- Born: Carolyn Jane Onslow How 21 December 1950 (age 75) London, England
- Occupation: Actress
- Years active: 1972–present
- Spouses: ; Mark Burns ​ ​(m. 1976; div. 1983)​ ; Richard Durden ​ ​(m. 1996)​
- Children: 1

= Jane How =

British actress

Carolyn Jane Onslow How (born 21 December 1950) is an English actress with a range of television, film, and stage credits. She is best known for her role as Jan Hammond, the mistress of Den Watts in EastEnders. She appeared in the programme regularly from 1986 to 1987 and also made brief return appearances in 2002 and 2003, the latter leading up to Den's return to the show.

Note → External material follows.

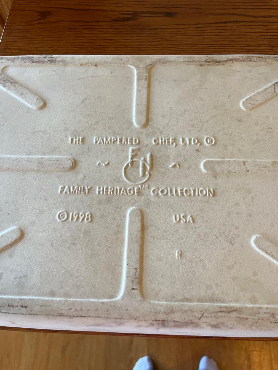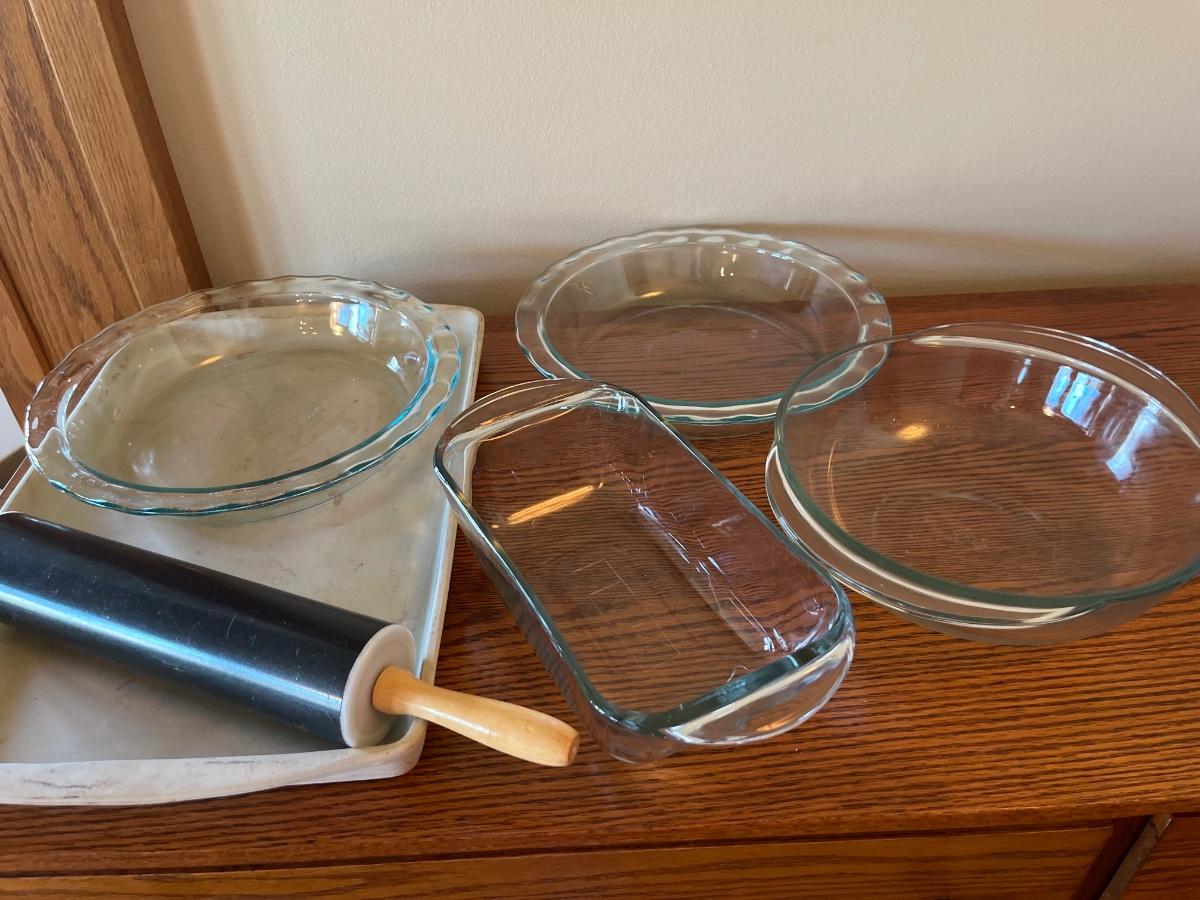 Pampered chef, baking pan, rolling pan, two pie plates, bread, pan, glass bowl
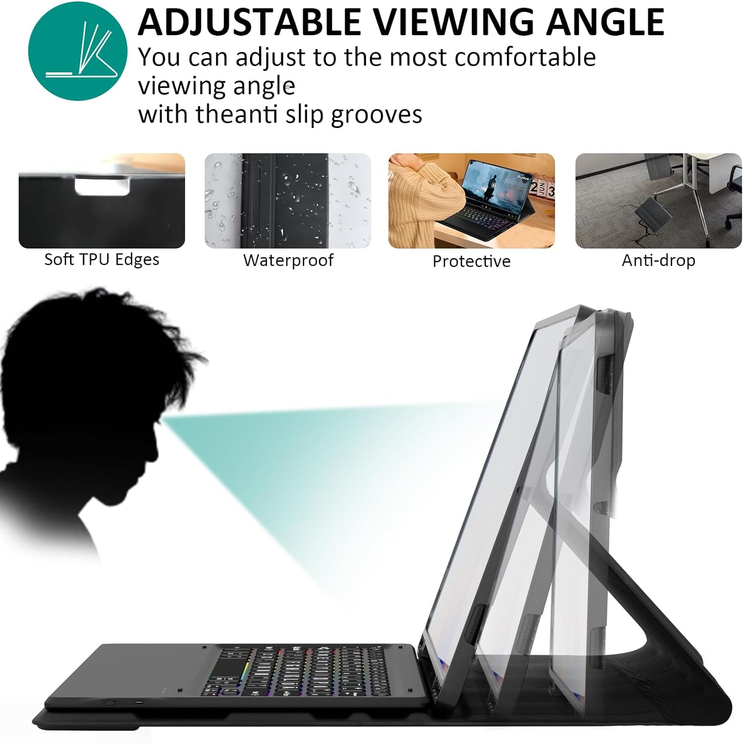 【Detachable Magnetic Keyboard And Adjustable Stand】Contains a removable, magnetic, portable Bluetooth keyboard case. Enjoy a 50°changeable viewing angle with 3 adjustable viewing angles supported by built-in anti-slip grooves. Ideal for use at work, home, school, on the road, or for business. For more flexibility, take the keyboard off when typing is not required.

Other credits include Doctor Who story Planet of the Daleks (1973), The Spoils of War (1980-1981), A.D. (1985), Don't Wait Up (1983-1990), Charles and Diana: Unhappily Ever After (1992), AKA (2002), A Good Woman (2004), The Best Man (2005), Miss Potter (2006), 1st Night (2010), and Anatomy of a Scandal (2022).

==Early life==
How was born in 1950, the youngest of three children of Major Robert Boothby How, an officer in the Black Watch, and his wife Virginia Ruth Primrose Hughes-Onslow, the only daughter of Oliver Hughes-Onslow, a barrister. Her parents divorced in 1953. After training at the Webber Douglas Academy of Dramatic Art, where she won the Rodney Millington Award, she spent several years in provincial theatre.

==Career==
How's first screen credit came in 1973, in the Doctor Who story Planet of the Daleks. Other credits include two series of The Spoils of War (1980-1981), War and Remembrance, A.D. (1985), Anglo-Saxon Attitudes (1992), The Cazalet Chronicles, Zoya, playing another famous mistress, Camilla Parker Bowles, in the TV movie Charles and Diana: Unhappily Ever After (1992). How has also appeared in The Citadel, Midsomer Murders, Judge John Deed, Byron, Bad Girls, Love Soup, Armadillo, Agatha Christie's Poirot, Daniel Deronda, and as Helen alongside Nigel Havers in four series of the sitcom Don't Wait Up (1983-1990),, Love in a Cold Climate (2001), and Anatomy of a Scandal (2022).

Her films include AKA (2002), A Good Woman (2004), The Best Man (2005), Miss Potter (2006) and 1st Night (2010).

In the West End, she has appeared for the Royal Shakespeare Company in The Return of A. J. Raffles (1975-1976), as Larita in Noël Coward's Easy Virtue (1988-1989) at the Garrick, the original cast of Don't Dress for Dinner at the Apollo (1991-1997), Home and Beauty (2002-2003) at the Lyric, Top People at the Ambassadors Theatre, she played Lady Punnett in Half a Sixpence, which opened in the Noël Coward Theatre on 17 November 2016 and had its last performance on Saturday 2 September 2017 after 347 performances.

In 2009, How appeared as a finishing school teacher in a commercial for Go Compare insurance, while in March 2010 she appeared briefly as hospital executive Zara Merrick in the BBC1 drama series Casualty. In 2014, she played the role of Joan Rogerson in Fatal Attraction at the Theatre Royal Haymarket. In 2018, she played the role of Florence Boorman in Her Naked Skin at the Salisbury Playhouse.

==Personal life==
In 1977, How married actor Mark Burns; they had a son, Jack, in 1981 and divorced in 1983. She later married actor Richard Durden, in 1996.

She has been chairwoman of the charity the Theatrical Guild since 2011, having been involved with the committee for many years.